ArchitectureSearch Systems

Search is a first-class feature in most applications. Databases are poor at full-text search — dedicated search engines like Elasticsearch handle it at scale with features like relevance ranking, faceting, and typo tolerance.

Why Not Just Use SQL LIKE?

SELECT * FROM products WHERE description LIKE '%wireless headphones%';

Problems:

  • Full table scan — extremely slow without an index, and LIKE with leading % can't use B-Tree indexes
  • No relevance ranking — results aren't sorted by how good a match they are
  • No typo tolerance — headphons returns nothing
  • No stemming — searching "run" doesn't find "running" or "runner"
  • No faceting — can't efficiently compute filter counts ("245 items in Electronics")

Full-Text Search Engines

Elasticsearch / OpenSearch

The industry standard. Distributed, scalable, feature-rich.

Key features:

  • Inverted index for O(1) keyword lookups
  • Relevance scoring (BM25 algorithm)
  • Fuzzy matching / typo tolerance
  • Aggregations and facets
  • Geospatial queries
  • Near real-time indexing (data is searchable within ~1 second)

Typesense / Meilisearch

Simpler, faster to set up, great typo tolerance. Better for smaller datasets and developer-friendly use cases.

Algolia

Managed search-as-a-service. Excellent developer experience, very fast. Higher cost than self-hosted.

How Search Engines Work

Inverted Index

The core data structure.
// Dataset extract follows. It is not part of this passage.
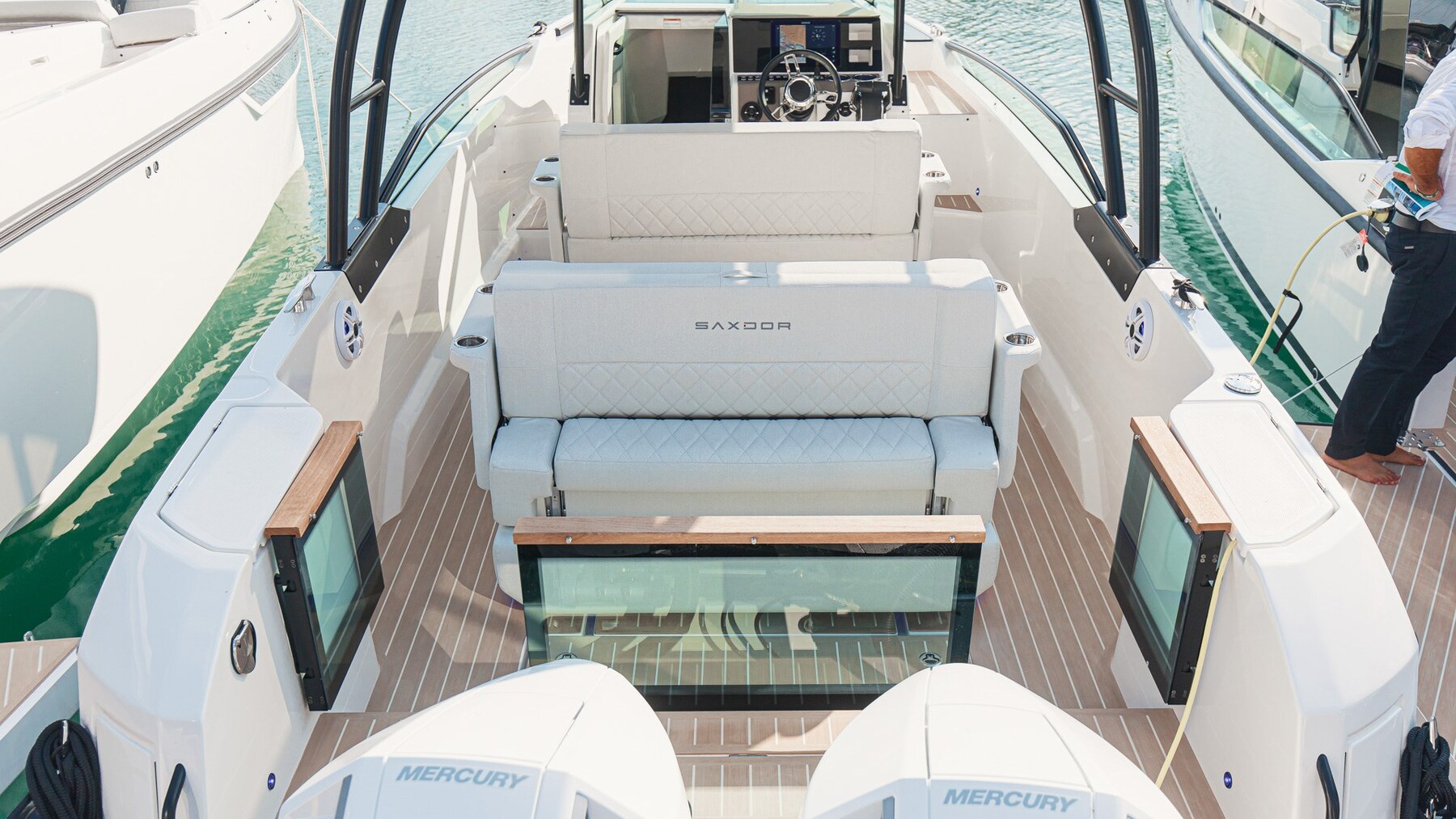 Die Saxdor 270 GTO wurde nach der Saxdor-Philosophie entwickelt, mit einem leichten Double-Redan-Rumpf, der sich auf dem Wasser weich verhält. Dieses Modell bietet die Leistung, Geschwindigkeit und Kraftstoffeffizienz, für die frühere Versionen bekannt waren. Der umgekehrte Bug mit einem sehr tiefen V-förmigen Einstieg reduziert den Aufprall auf die Wellen, verbessert die Gesamtstabilität des Bootes und macht das Fahren angenehmer. Die leichte und robuste Konstruktion, die mit der Vakuuminfusionstechnik hergestellt wird, ermöglicht es Ihnen, ein Boot zu haben, das leicht getrailert werden kann und einfach zu Wasser gelassen oder geborgen werden kann. Die 270 GTO ist die ideale Wahl für alle, die die Sonne lieben: Dank der beiden Sonnendecks – eines am Bug und eines am Heck – haben Sie viel Platz zum Entspannen. Das hintere Sonnendeck kann bei Bedarf zu einer komfortablen Essecke umgestaltet werden. Kontaktieren Sie uns für weitere Informationen

Instead of storing documents and scanning them, the engine maintains a mapping:

"wireless" → [doc 3, doc 7, doc 15]
"headphones" → [doc 1, doc 7, doc 22]
"audio" → [doc 1, doc 3, doc 8]

To find documents matching "wireless headphones", intersect the two lists: {3, 7}. Incredibly fast — no scanning.

Analysis Pipeline

Before indexing, text is processed:

  1. Tokenization: "Wireless Headphones" → ["Wireless", "Headphones"]
  2. Lowercasing: → ["wireless", "headphones"]
  3. Stemming: "running" → "run", "headphones" → "headphone"
  4. Stop word removal: "the", "a", "of" removed (they appear everywhere, useless for search)

The same pipeline runs on queries, so searches match the indexed tokens.

Relevance Scoring (BM25)

Not all matches are equal. Relevance scoring determines which documents appear first:

  • Term Frequency (TF): How often does the search term appear in the document?
  • Inverse Document Frequency (IDF): How rare is this term across all documents? Rare terms are more meaningful.
  • Field weighting: A match in the title is more important than in the description.

Keeping Search in Sync

Search engines are secondary indexes — your source of truth is still your database. You must keep them in sync.

Synchronous (Double-Write)

Write to database AND search engine in the same request.

Problem: What if the search engine write fails? You have data in DB but not in search.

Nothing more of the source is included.